When you stop to think about it, you ought to realise that is irrelevant who is in the majority and who is in the minority. Or are you suggesting that should your measures to promote a minority language prove so successful that it becomes the majority, then all your rhetorics will make an about-turn and the oppressed minority of yesterday will become the evil majority of tomorrow, and the evil oppressor of yesterday will become the new endangered minority?
On top of all the above, the use of the word "minority" is an insult. No one says that the Germans are an ethnic minority in Europe. No, the Germans are a majority in their homeland, Germany. Similarly, the Basques are not a national minority in Spain and France. They are a majority in their homeland, the Basque Country.
To declare, for instance, the Bretons some kind of a European hill tribe whose unique language and culture must be preserved is profoundly racist and demeaning. The Bretons and the French are exactly the same kind of human beings, only the formers' native language is Breton and the latters' is French. Therefore the idea that the French nation should remain the ruler while the Breton nation should enjoy special protection as if it were some kind of a rare bird species is simply unjustifiable.

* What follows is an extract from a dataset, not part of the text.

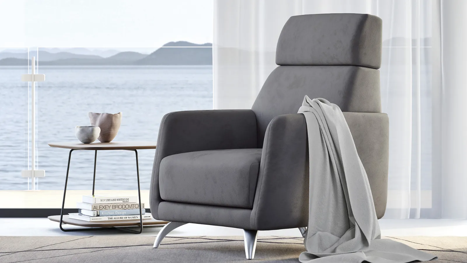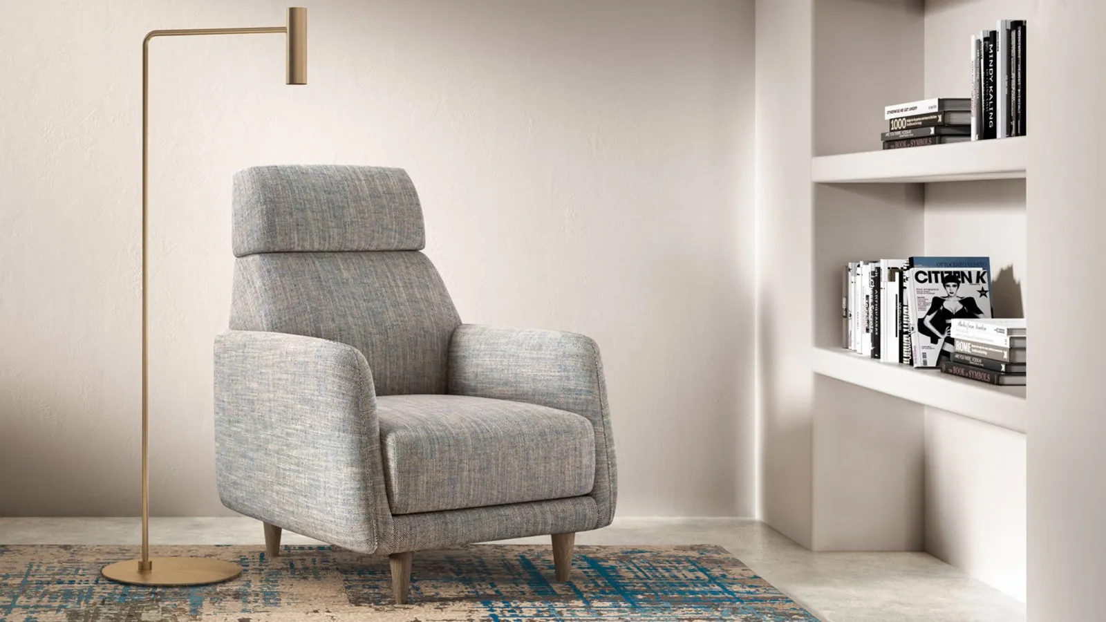 Poltrona dalla linea moderna che si contestualizza facilmente in qualsiasi ambiente. Realizzata con struttura in legno e imbottitura in poliuretano espanso.

What the oppressed ethnic groups need is not more taxpayer money for activist organizations, not the establishment of a huge open-air language museum in the historically Sorb-speaking area, not the revival of the Cornish or Manx language. What oppressed ethnic groups need is the cessation of linguistic genocide in Bretagne, Corsica, Southern Macedonia, Mari El, Udmurtia and many other regions in Europe. Instead of all those "oh my goodness look what a cute little language those 20 people speak in those two mountain villages" projects, we need a mechanism for forcing governments to stop destroying big ethnic groups that still have a chance of surviving.
Many would object that ethnocentrism would bring about calls for redrawing state borders and potentially new wars – after all, there is no sensible reason why, say, Corsica should belong to France or the Beregszász (Berehove) area to Ukraine.

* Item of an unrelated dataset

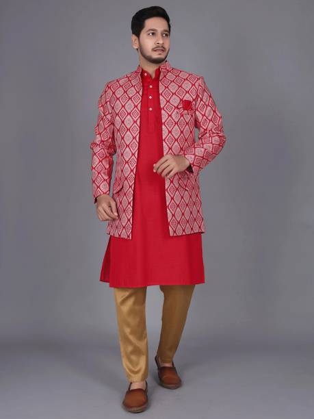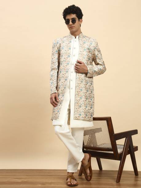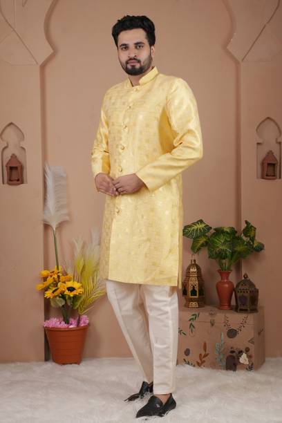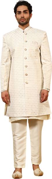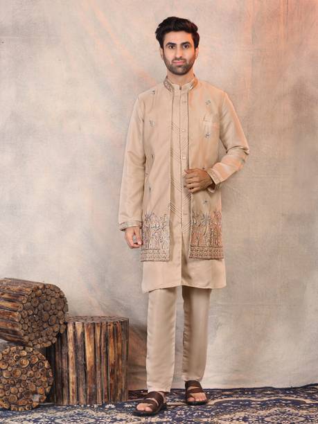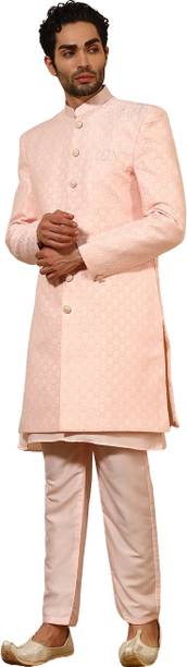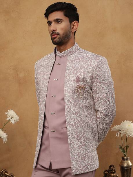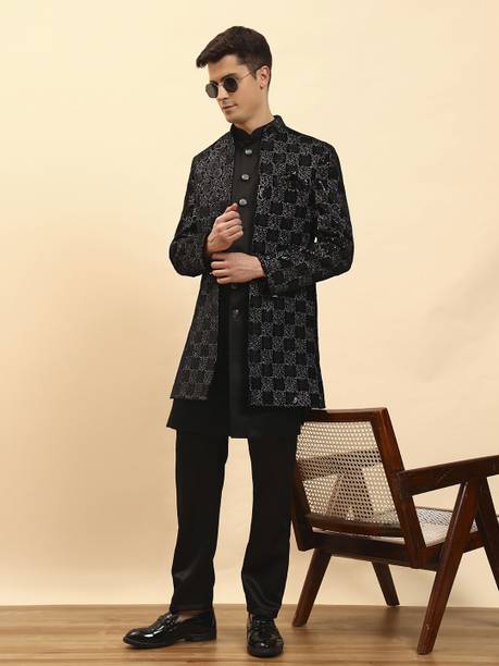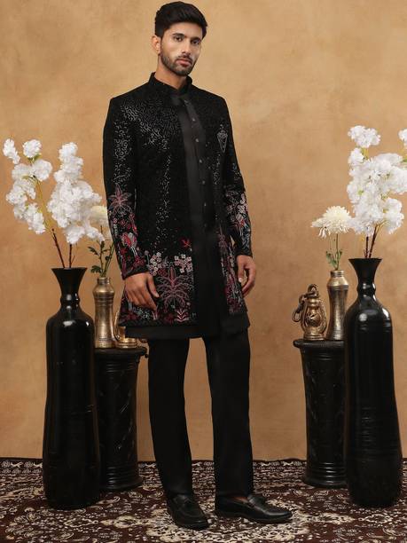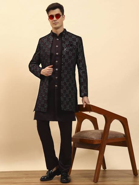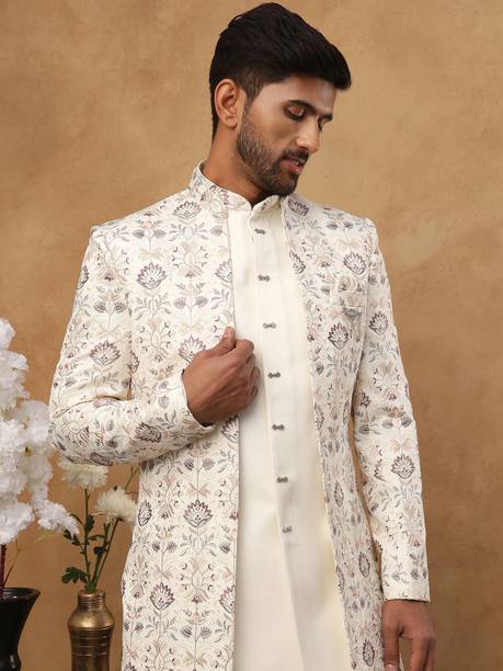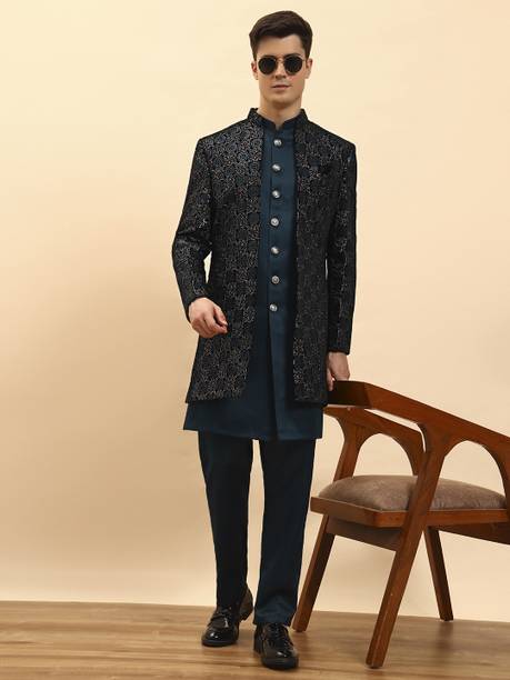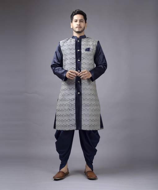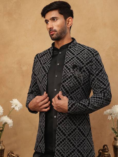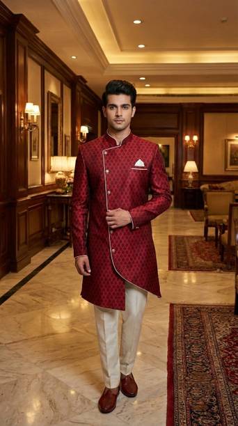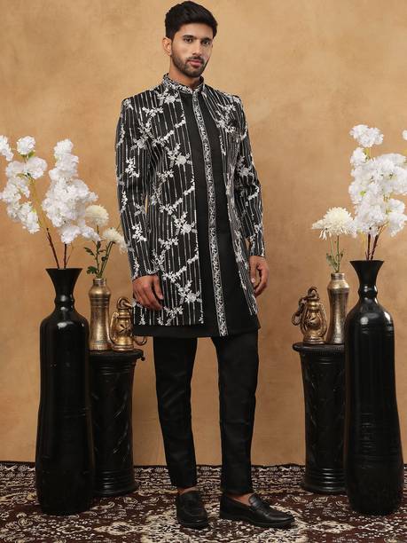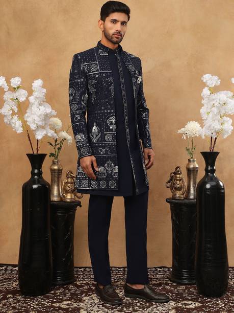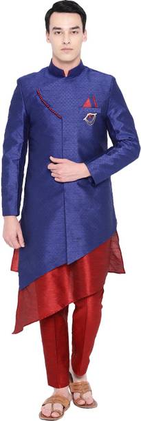 Have you been struggling to decide whether you want an Indian ethnic ensemble or a Western-style silhouette? If yes, then Indo-Western dresses for men can put an end to all your worries. These dresses are one of the styling options that makes you look put together without much effort. There is an array of dress options that allow you to look stylish. You can find this garment in unique hues, patterns, designs, and embroideries. Brands that sell Indo-western clothing for men online are Tanvi Creation, Maruti Fab, Modli 20 Fashion, Hiral Creation, Royal Kurta, and others. If you want to make a statement, choose dresses with bold colours and rich patterns. Indo-western outfits for men offer you the ability to blend tradition and contemporary fashion while making you look royal. This men's clothing comes in rich patterns and embellishments for special events. Out of multiple attires, you can opt for sherwanis for men that ensure versatility. Versatile sherwanis can be styled up or down according to your requirements. Some other types of dresses include the kurta and pyjama set, kurta and churidar set, front-slit kurta, and others. Buy the desired Indo-Western dress for men online and make a statement with your style.

My reply is: on the contrary! It's the "one country, one language" attitude that perpetuates unsolvable territorial conflicts and encourages linguistic genocide to deny foothold to the irredentists. I say that granting minority language speakers equal rights with the ruling ethnic group is the only way to do away with border disputes. It's obviously impossible to divide the mixed Romanian-Hungarian area between a Romanian-only state and a Hungarian-only state in any even remotely just and reasonable manner. But when all mixed localities were officially bilingual, it would no longer matter where is Romania and where is Hungary. The only noticeable difference would be that Romanian text is written above the Hungarian text in one town and the other way around in another.
With true equality between the ethnic groups instead of minoritist hatemongering, it will no longer matter if this or that village belongs to Hungary or to Slovakia, to France or to Italy, to Greece or to Bulgaria. Age-old border disputes would become meaningless and true interethnic reconciliation would become possible for the first time in history.